(What you have to do): Extract the first line through the line containing "- ВИН: 1FTEW1CP3GK******" from the listing below, exactly as written.

(Supplied entries):
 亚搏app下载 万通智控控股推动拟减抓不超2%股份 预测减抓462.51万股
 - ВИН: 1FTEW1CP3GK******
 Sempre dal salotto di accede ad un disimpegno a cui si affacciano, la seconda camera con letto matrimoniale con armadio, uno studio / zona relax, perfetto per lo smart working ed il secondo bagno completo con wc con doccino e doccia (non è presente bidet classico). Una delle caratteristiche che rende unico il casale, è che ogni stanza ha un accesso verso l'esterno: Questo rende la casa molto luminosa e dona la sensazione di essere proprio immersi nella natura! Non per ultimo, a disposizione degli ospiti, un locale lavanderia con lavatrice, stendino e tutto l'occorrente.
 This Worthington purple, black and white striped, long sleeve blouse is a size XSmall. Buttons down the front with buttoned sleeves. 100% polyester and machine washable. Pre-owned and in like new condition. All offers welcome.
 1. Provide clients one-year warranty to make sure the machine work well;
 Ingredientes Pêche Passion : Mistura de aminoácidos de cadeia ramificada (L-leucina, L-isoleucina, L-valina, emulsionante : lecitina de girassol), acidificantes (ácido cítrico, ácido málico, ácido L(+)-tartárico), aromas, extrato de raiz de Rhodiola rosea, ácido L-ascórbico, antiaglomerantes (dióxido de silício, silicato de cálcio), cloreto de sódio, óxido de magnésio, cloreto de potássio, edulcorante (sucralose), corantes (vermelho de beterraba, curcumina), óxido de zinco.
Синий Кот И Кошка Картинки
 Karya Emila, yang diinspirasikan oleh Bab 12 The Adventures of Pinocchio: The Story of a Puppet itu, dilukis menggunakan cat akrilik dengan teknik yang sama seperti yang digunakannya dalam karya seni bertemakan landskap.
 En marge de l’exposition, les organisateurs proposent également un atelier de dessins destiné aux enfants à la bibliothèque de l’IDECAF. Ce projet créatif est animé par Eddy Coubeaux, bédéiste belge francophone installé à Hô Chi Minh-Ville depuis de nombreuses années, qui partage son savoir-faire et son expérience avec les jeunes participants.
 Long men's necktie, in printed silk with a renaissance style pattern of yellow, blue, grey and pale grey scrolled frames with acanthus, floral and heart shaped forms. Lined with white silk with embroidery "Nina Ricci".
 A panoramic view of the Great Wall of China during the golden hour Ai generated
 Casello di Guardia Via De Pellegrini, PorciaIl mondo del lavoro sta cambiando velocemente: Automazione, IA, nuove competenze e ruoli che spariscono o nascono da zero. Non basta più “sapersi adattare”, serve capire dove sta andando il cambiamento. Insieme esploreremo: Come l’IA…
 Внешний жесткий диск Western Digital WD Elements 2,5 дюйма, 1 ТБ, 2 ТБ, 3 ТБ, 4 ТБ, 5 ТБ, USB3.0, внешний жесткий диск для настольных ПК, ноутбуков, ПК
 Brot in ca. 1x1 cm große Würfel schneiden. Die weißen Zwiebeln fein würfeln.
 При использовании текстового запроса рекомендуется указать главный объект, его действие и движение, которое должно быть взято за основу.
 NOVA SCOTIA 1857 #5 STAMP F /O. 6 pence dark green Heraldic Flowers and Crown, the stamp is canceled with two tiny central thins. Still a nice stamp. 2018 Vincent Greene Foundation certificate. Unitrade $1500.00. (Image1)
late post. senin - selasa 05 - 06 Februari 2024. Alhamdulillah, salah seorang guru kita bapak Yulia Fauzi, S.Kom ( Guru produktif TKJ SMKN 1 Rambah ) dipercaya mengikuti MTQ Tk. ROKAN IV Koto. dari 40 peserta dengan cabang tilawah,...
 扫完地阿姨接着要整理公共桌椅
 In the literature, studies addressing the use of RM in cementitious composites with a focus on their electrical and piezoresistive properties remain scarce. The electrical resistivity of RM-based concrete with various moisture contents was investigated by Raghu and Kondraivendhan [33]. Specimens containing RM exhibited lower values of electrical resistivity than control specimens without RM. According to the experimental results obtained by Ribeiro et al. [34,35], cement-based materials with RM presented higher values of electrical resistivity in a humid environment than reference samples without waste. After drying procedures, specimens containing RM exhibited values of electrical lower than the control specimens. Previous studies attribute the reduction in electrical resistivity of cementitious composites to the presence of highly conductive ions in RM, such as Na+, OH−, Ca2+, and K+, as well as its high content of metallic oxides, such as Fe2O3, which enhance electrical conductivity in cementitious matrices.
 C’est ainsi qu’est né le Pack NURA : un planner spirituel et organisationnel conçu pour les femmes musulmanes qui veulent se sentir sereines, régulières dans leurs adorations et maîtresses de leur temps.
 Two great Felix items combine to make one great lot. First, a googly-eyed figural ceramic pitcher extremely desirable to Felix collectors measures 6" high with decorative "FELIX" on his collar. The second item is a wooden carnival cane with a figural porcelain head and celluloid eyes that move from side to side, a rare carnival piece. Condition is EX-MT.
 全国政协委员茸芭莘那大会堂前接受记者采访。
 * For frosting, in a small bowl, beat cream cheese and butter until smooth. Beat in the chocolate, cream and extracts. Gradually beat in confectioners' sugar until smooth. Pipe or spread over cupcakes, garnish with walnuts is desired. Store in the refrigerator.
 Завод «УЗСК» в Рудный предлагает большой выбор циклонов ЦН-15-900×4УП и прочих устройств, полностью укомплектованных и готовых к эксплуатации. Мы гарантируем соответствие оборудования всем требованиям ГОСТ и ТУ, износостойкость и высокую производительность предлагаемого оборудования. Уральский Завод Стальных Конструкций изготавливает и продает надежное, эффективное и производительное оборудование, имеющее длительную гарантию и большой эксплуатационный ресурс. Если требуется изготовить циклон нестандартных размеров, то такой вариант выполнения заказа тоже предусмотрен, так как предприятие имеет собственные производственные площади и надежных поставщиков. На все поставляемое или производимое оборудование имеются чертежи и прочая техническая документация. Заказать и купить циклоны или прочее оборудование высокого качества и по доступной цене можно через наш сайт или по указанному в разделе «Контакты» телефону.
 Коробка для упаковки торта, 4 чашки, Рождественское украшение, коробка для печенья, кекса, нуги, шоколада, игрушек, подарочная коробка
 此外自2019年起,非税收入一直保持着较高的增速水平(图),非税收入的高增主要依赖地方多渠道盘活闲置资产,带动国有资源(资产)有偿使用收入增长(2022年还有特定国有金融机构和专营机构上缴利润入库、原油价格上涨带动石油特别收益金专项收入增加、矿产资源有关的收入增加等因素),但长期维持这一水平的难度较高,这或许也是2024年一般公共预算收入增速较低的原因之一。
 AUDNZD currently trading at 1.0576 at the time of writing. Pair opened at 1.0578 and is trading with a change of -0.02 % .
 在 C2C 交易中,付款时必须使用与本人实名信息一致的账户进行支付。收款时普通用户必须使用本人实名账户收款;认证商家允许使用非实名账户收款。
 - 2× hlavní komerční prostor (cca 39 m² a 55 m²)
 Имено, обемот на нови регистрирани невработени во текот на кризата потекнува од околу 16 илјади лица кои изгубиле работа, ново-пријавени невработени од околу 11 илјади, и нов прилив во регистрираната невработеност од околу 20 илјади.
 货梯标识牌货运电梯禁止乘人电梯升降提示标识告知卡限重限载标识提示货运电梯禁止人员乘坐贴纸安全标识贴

(Exercise solution):
 亚搏app下载 万通智控控股推动拟减抓不超2%股份 预测减抓462.51万股
 - ВИН: 1FTEW1CP3GK******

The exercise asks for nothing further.